The Islam practised and brought by Albanians to New Zealand was influenced by the Ottoman era along with European secularism and those traits became reflected in the early New Zealand Muslim organisations they engaged in and contributed to establish. In the mid-1950s, Albanians served on the executive committee of the first local Muslim organisation, the New Zealand Muslim Association (NZMA) that later set up the first mosque in Auckland and influenced both their cultural development. Nazmi Mehmeti secured the first Muslim burial plot (1963) in Auckland. Albanians partook in the founding (1979) of the Federation of Islamic Associations of New Zealand (FIANZ) and imparted their moderate practice of Islam into the organisation. FIANZ's first president was Mazhar Krasniqi and later he also served as leader of the New Zealand Muslim Association. A few Albanians came during the 1970s and 1980s. Much of the post-war New Zealand Albanian community had minimal or tenuous links to local Muslim organisations. Albanians integrated into New Zealand due to its multicultural society and their ability to be mainly indistinguishable from the wider population.

===Second phase: Kosovo refugees===

During the 1990s, a few Albanians fleeing persecution and violence in Kosovo began to arrive to New Zealand. The second phase of Albanian migration to New Zealand occurred during the Kosovo crisis (1999). Albanian refugees fled the conflict and some choose New Zealand as a destination where they had family and viewed the state favourably for its democracy, modernity and opportunities. The New Zealand government permanently accepted 400 Albanians into the country through its special emergency programme for refugees. They came in May 1999 by plane and on arrival were greeted by members of the local Albanian community, the New Zealand media and politicians. The Albanian Civic League led efforts to assist the refugees and it received much coverage in local media. Widespread media focus resulted in donations and assistance being provided for the first groups of refugees from New Zealand community organisations, businesses and private citizens.

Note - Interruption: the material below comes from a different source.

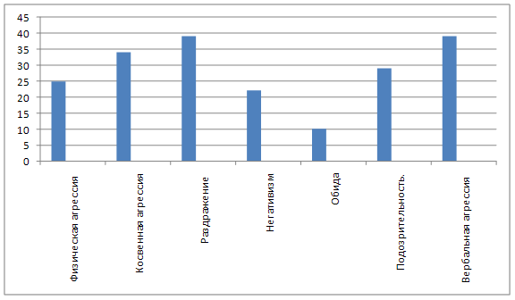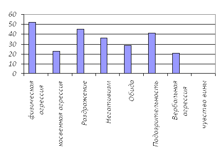 Рисунок 3 - Процентное соотношение симптомокомлексов по методике ДДЧ Самый высокий процент симптомокомплексов в данной группе школьников – чувство неполноценности, незащищенности. Показатели агрессивности у школьников из детского дома Во-первых, ребёнок из детского дома, уже на первый взгляд не вписывается в атмосферу группы своей наивностью, несамостоятельностью, непосредственностью, он часто конфликтует со сверстниками, не воспринимает и не выполняет школьных требований, но в то же время он прекрасно чувствует себя в игре, прибегая к ней в тех случаях, когда возникает необходимость уйти от трудной для него учебной деятельности, хотя высшие формы игры со строгими правилами детям недоступны и вызывают страх и отказ играть. Дети этой группы игнорируют нормы и правила поведения (как в игре, так и вне игры), ведут себя очень шумно, демонстративно обижаются, кричат, однако их эмоции носят поверхностный характер и быстро переходят в более спокойные состояния. Эти данные позволяют предположить, что в данном случае мы имеем дело с некоторым отставанием в общем психическом развитии ребенка. Среди испытуемых есть дети, которые используют агрессию в основном как норму поведения в общении со сверстниками. По результатам проведенной методики, я могу сказать, что уровень агрессивности в данной группе достаточно высокий, следовательно, дети проявляют враждебность, агрессивность, озлобленность по отношению к сверстникам. Это говорит о том, что у большинства детей существует серьёзные трудности в установлении контактов со сверстниками и взрослыми. Результаты проведенной методики Басса Дарки, показывают, что уровень агрессивности и враждебности у юношей достаточно высокий: Таблица 3 - Показатели агрессивности

All refugees had family members established in the country, many came from a highly educated background and shared a European origin with much of New Zealand's people. Unlike other refugees taken on quotas, they were required to be sponsored by New Zealand family members who were mostly based in Auckland and composed the small Kosovar community. The refugees faced integration issues related to accessing all citizen based opportunities in relation to government health and social services. There was some intolerance toward them from part of the New Zealand population regarding employment over differences such as their accents or being foreigners. New Zealand's changing economy impacted the refugees ability to adjust to economic and cultural circumstances. Family members assisted the refugees in settling down and becoming familiar with the local culture and norms. The adult refugees were given English language courses and job retraining, while the youth were prepared for and began their schooling. In 2000, four more families arrived from Kosovo, although they had no relatives in New Zealand.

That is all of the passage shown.